Of particular interest was the entry on "the atom", and though I understood it only vaguely, I followed the references to the electron and to the proton, and read a short account of Rutherford's experiments. Rutherford had split the atom in 1918 in a small-scale "sealing wax and string" experiment in a British University. I think the early editions of "Pears" gave his work prominence over the Curies, Bohr, Max Planck and other early physicists who were studying the structure of matter, because he was British. But most importantly Rutherford was in 1910 one of the first to propose that the atom consisted of a central "nucleus", positively charged and an outer circle of negatively charged electrons. Of course, in 1938 when I was ten years old, I could not have put this clearly, but in a vague way understood that the atom contained energy which could be released, as I then thought to benefit people, and even to demonstrate the wonderful mysteries of God, the Creator.

At the age of ten, my ideas about God were vague, for I had never attended Church or Sunday School. However, my father taught me to say simple prayers at night. He was a lapsed Catholic, but I well remember him saying when I wanted to stop saying "God bless Nana" after his mother had died in 1936, that I should go on praying for her, in addition to praying for all my friends and relations who were alive.
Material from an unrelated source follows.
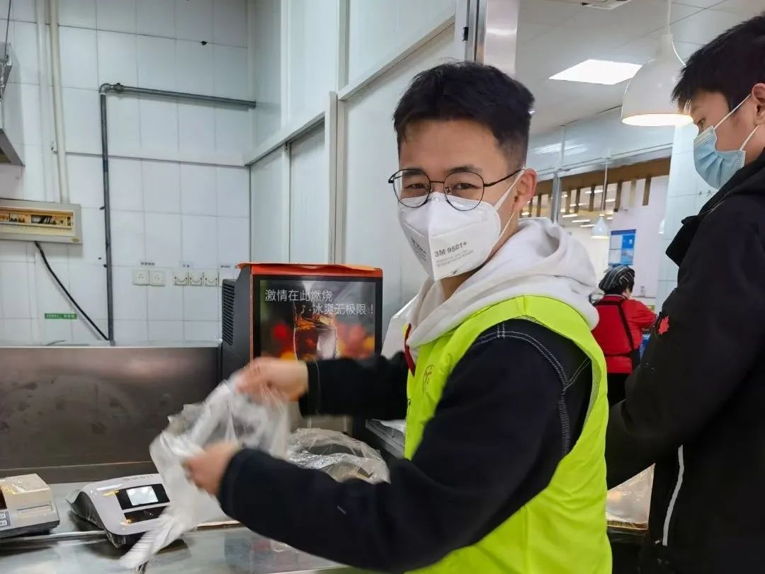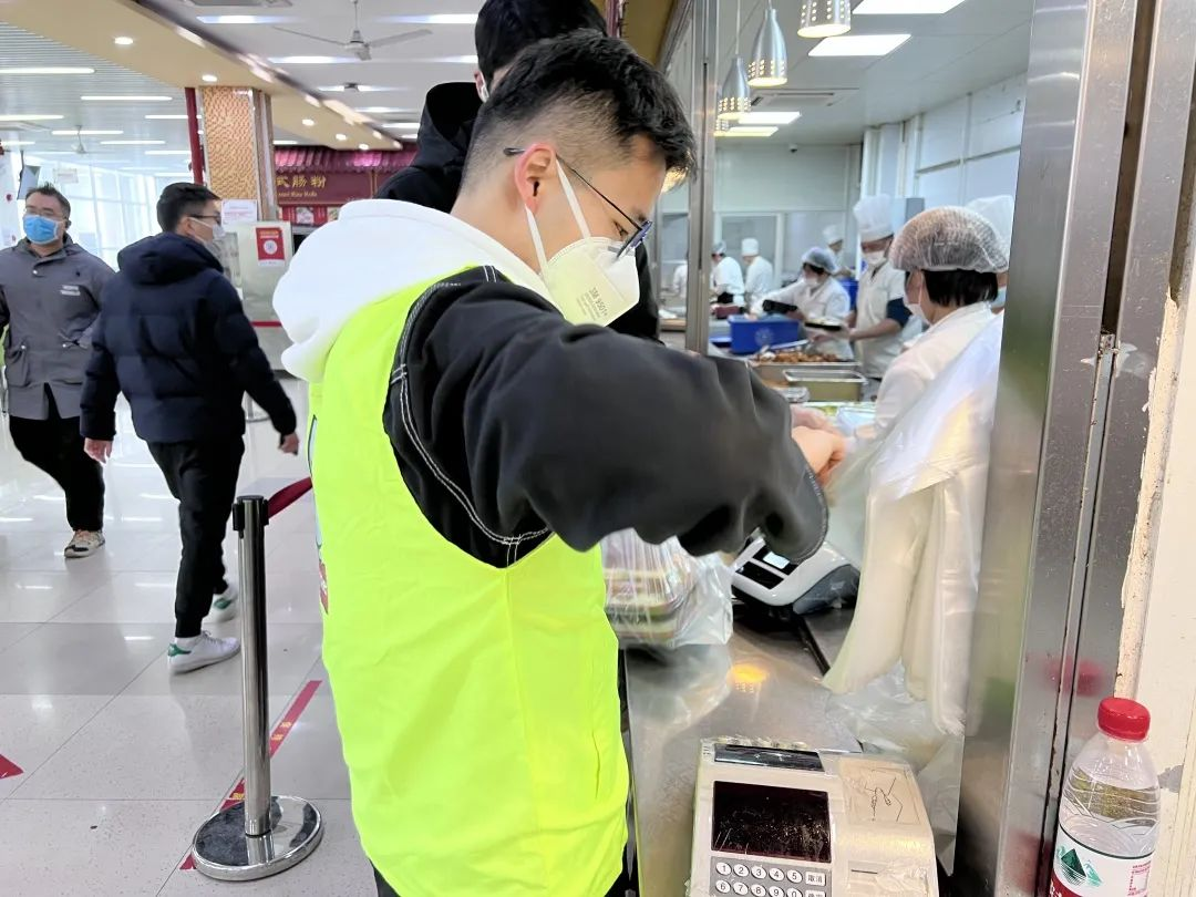 校园闭环管理以来,20级硕士生党支部积极响应号召,支部党员与积极分子以四餐为阵地成立后勤保障组,负责维持就餐师生有序排队,引导师生避免堂食,协助餐厅工作人员加快备餐速度,并为其他点位的志愿者提供餐食保障。支援后勤一线的环境人们坚守岗位、全力投入疫情防控工作,用行动诠释了他们是最可爱的守护者!
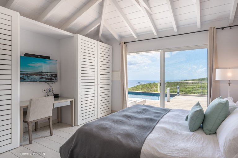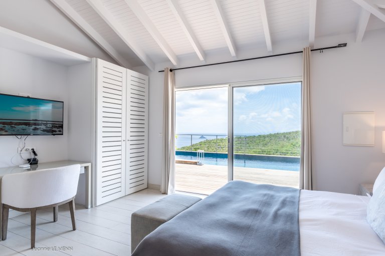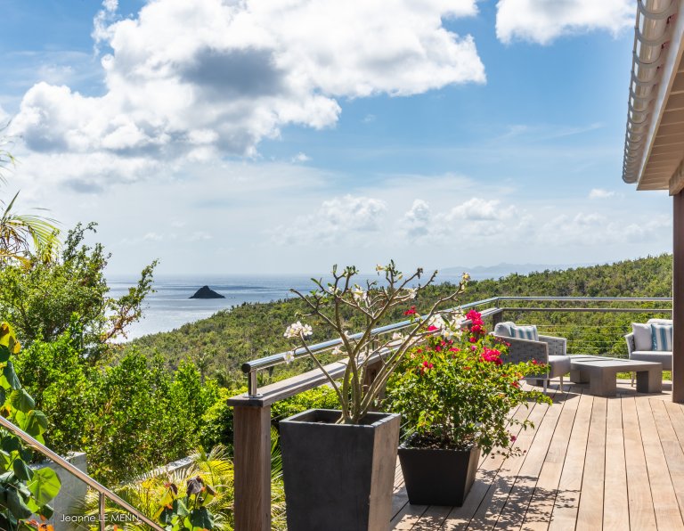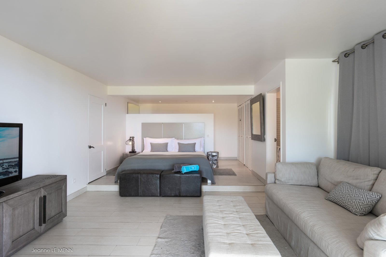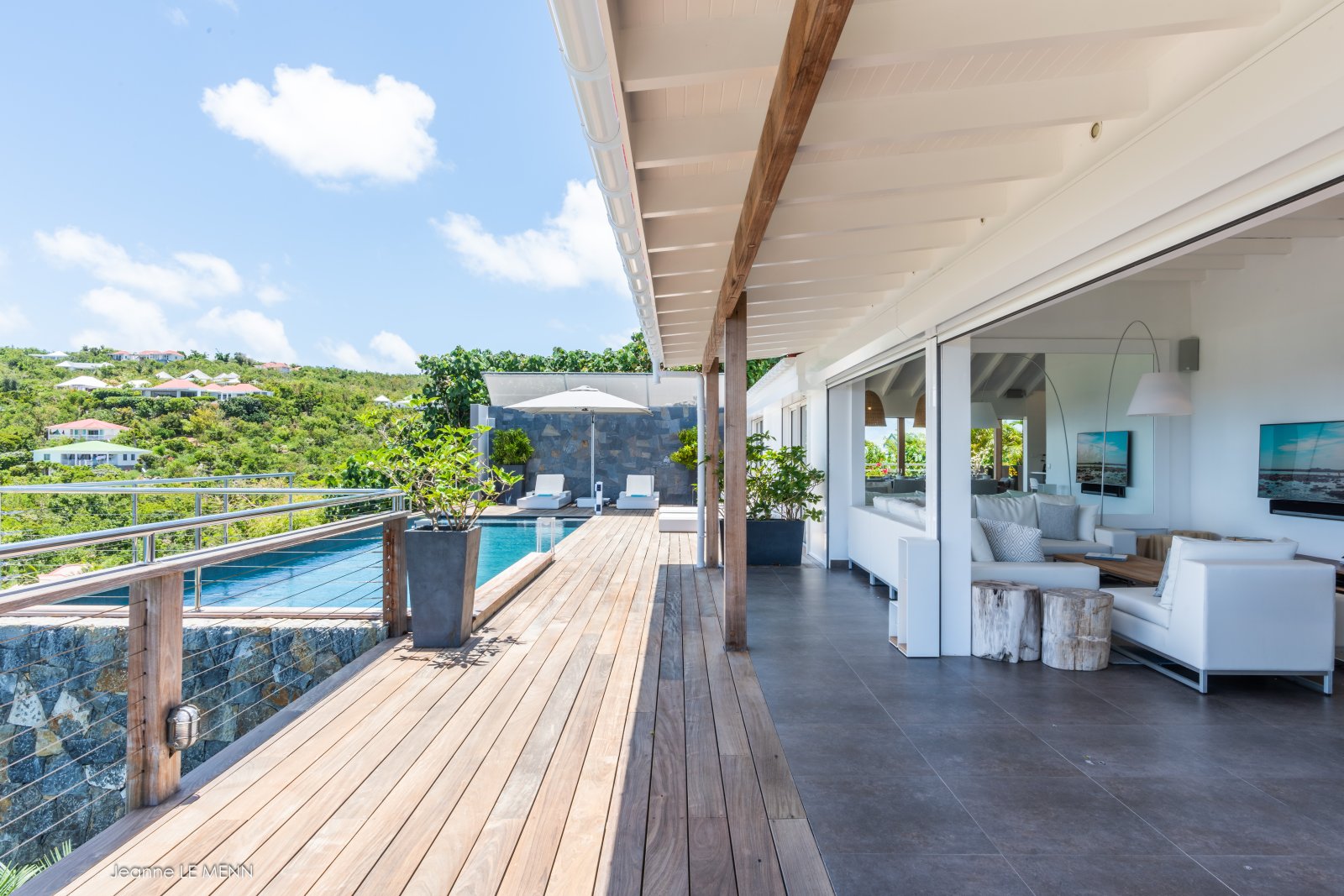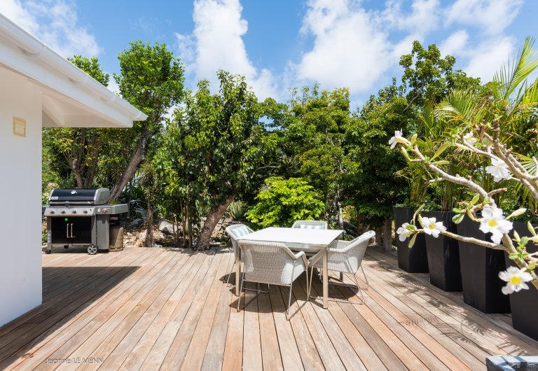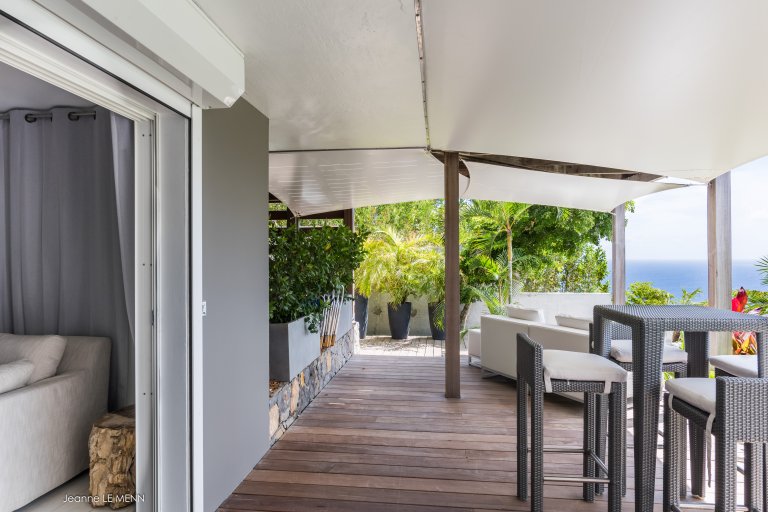 The main level of the vacation home includes a living area and a well-equipped kitchen for guests who like to cook (and for those who prefer to ask the concierge to organize the services of a private chef who specializes in local or French cuisine). Outside, there is an open-air dining table that is cooled by Caribbean breezes.

This was his Catholic influence, for Catholics have always believed in the special importance of praying for the dead. But at this time I learnt little about religion, beyond the prayers in morning assembly at a State School, and the occasional instruction by my parents. My mother had been brought up in the Church of England, of which my maternal grandmother was a devout member. On holidays with her in the country, I was taken, protestingly to Church of England's "Morning Prayer" on Sundays, a long service with four hymns and two psalms. I always counted the time to the end of the service by means of the number of hymns which had been sung. At the service I noticed little else, and especially not the sermons of Rev. Madeley.